Tuesday Dec 03

SmithBruce Bruce Smith is the author of six books of poems, including The Other Lover (U of Chicago P), which was a finalist for both the National Book Award and the Pulitzer Prize, Songs for Two Voices, and Devotions, a finalist for the National Book Awards, the National Book Critics Circle Awards, the LA Times Book Award, and the winner of the William Carlos Williams Prize.

---------


Two After Du Fu


1. I Finally Get another Job


Good, I don’t have to be
the assistant JV football coach

and blow the whistle and yell
and ride the bus in the fall

looking out the steamed-up window
at the sugar maples blazing only to arrive

at some school where I am the oldest
white man in the world and I want only

to nap in the afternoon sun while
the children gambol, while the children

thud and run to concussion
good for visions, good for a sense

of the nation as a place, too, of pain
and the grave of an old man.





2. Leaving Taos



It’s not that grand, the river
but it does its small work

in a grand fashion. First hatch
of midges. First bugs being bugs

and trout being hungry. I leave
my old friend the way the water leaves

the rock, flows south but
each is different now. I grow

more stupid and sad as I grow
old. I want the almost happiness

that wine gives.
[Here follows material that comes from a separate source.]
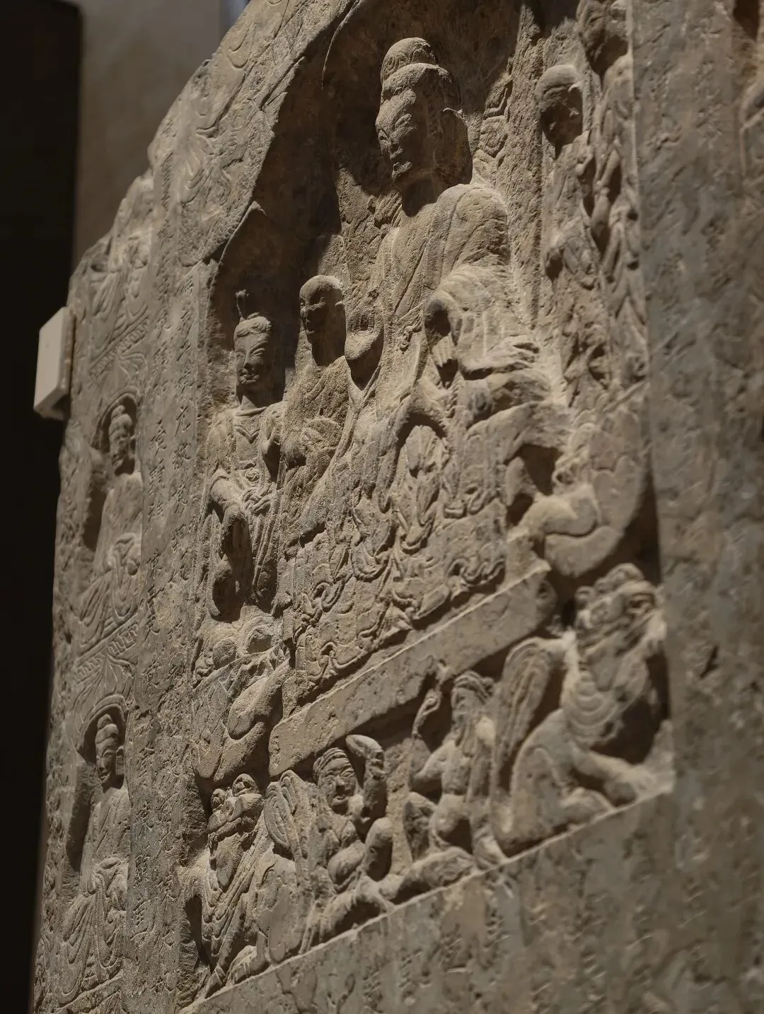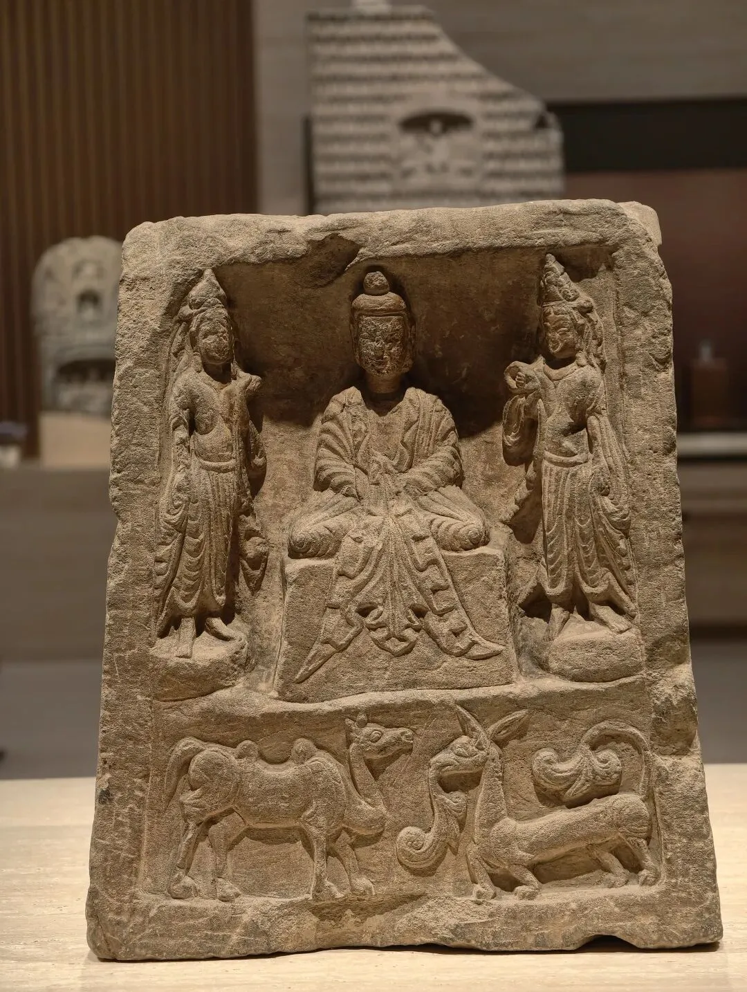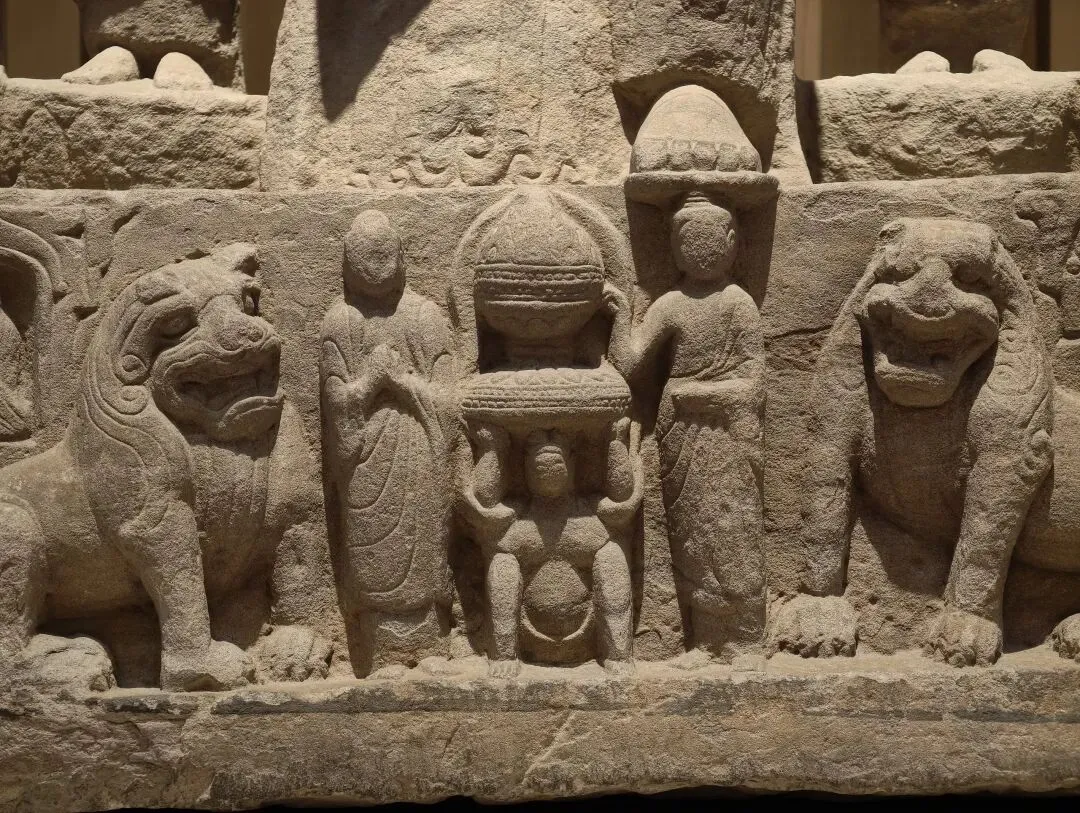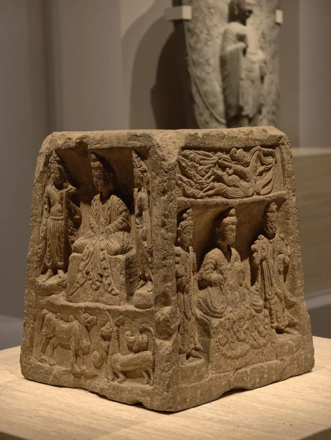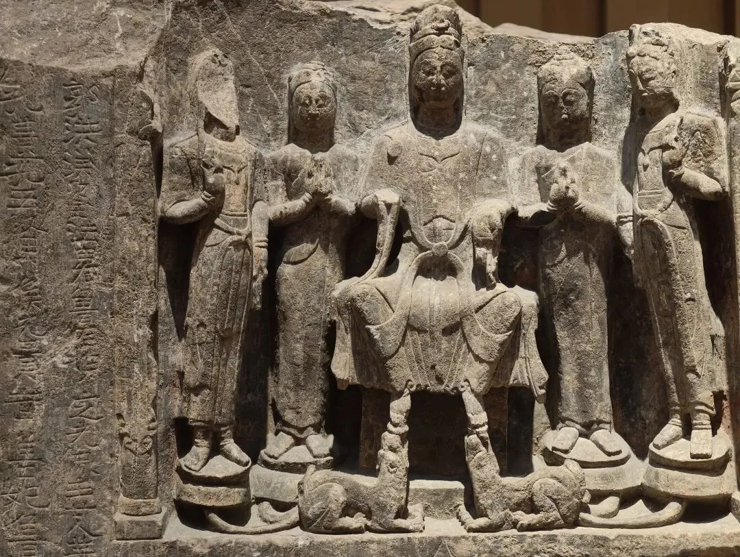出土石塔节的陇东地区是一处佛教雕塑艺术传播的十字路口。在这件石塔节上,既有身穿 “褒衣博带” 装的佛像,也有衣着贴体的凉州风格的佛像,尤其是菩萨像上身裸露、下身着裙,明显受到西域影响。中国式的佛装源自蜀地南朝齐风格,越过秦岭影响到陇东地区,体现了此地南北方向的交流。石塔节下方有龙、狮子、驴和骆驼等表示祥瑞的动物。这些动物在当时被认为是神兽,多从西域传来。

My old friend
changes the lives of boys who come home
from war, holding them up
then letting them go

to follow the river.
I go south thinking I change

little, looking for warmth
in the change of season.




Untitled



The sex life [yours] as art form as injustice as conversion experience as excess as
slave narrative [thrall] as pub crawl troubadour as lie as neurological disorder as
soar as fugitive taxonomist as misty poet as thwart and vex as court and sex
senseless fuck [me], stylized porn cartoon foiled as repetition compulsion as
master letters torn as tormented by color by sound by what we smuggled out.




Untitled



Now I have the substitute for the sadness in the form of the money as the substitute
for desire for the knowing as the form of ending I can’t endure or embody. Stay with me.
How one embodies, I don’t know. The body releases its ink, flees, sulks, ululates, waits
for a letter, capitulates, smokes. I had a body instead of experience and it was miraculous,
a refuge and a question and a thing that did not stay with me and I got away with it.